Pauline Beery Mack (1891-1974) was an instructor and publisher and loved chemistry. She earned her B.A. from Missouri State University, M.A. from Columbia University, Ph.D. from Pennsylvania State College, and a D.Sc. from Moravian College for Women, Western College for Women. She began the publication the Chemistry Leaflet which eventually became published by the American Chemical Society. She received the Distinguished Daughters of Pennsylvania Medal, the Garvan Medal, and the Astronauts Silver Snoopy Award. Dr. Mack also maintained a busy life outside of science, including basketball and music.

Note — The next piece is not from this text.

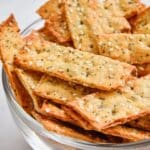 Homemade Everything but the Bagel Crackers are a delicious and crispy snack made from simple pantry ingredients. These savory crackers are flavored with classic Everything Bagel seasoning and baked to golden perfection, making them a perfect addition to charcuterie boards, snacks, or lunch plates.

She taught more than 12,000 undergraduates over her 30 years at Penn State. She was adept at securing funding for her research, no small feat for a woman in the 1930s. Mack continued into an administrative career and worked full time until she was 79.
The Garvan Medal is an award from the American Chemical Society to recognize distinguished service to chemistry by women chemists.
The Borden Award is given in recognition of distinctive research by investigators in the United States and Canada which has emphasized the nutritive significance of milk or any of its components.
LA Times Woman of the Year began as annual awards ceremony to honor women for individual achievement and was awarded from 1950 to 1976.
Lavoisier Prize (Lavoisier Medal) is awarded by the SCF to an individual or institution to distinguish the work or activities involving the chemistry honor.
Astronauts Silver Snoopy Award candidates will have made contributions toward enhancing the probability of mission success, or made improvements in design, administrative/technical/production techniques, business systems, flight and/or systems safety or identification and correction or preventive action for errors.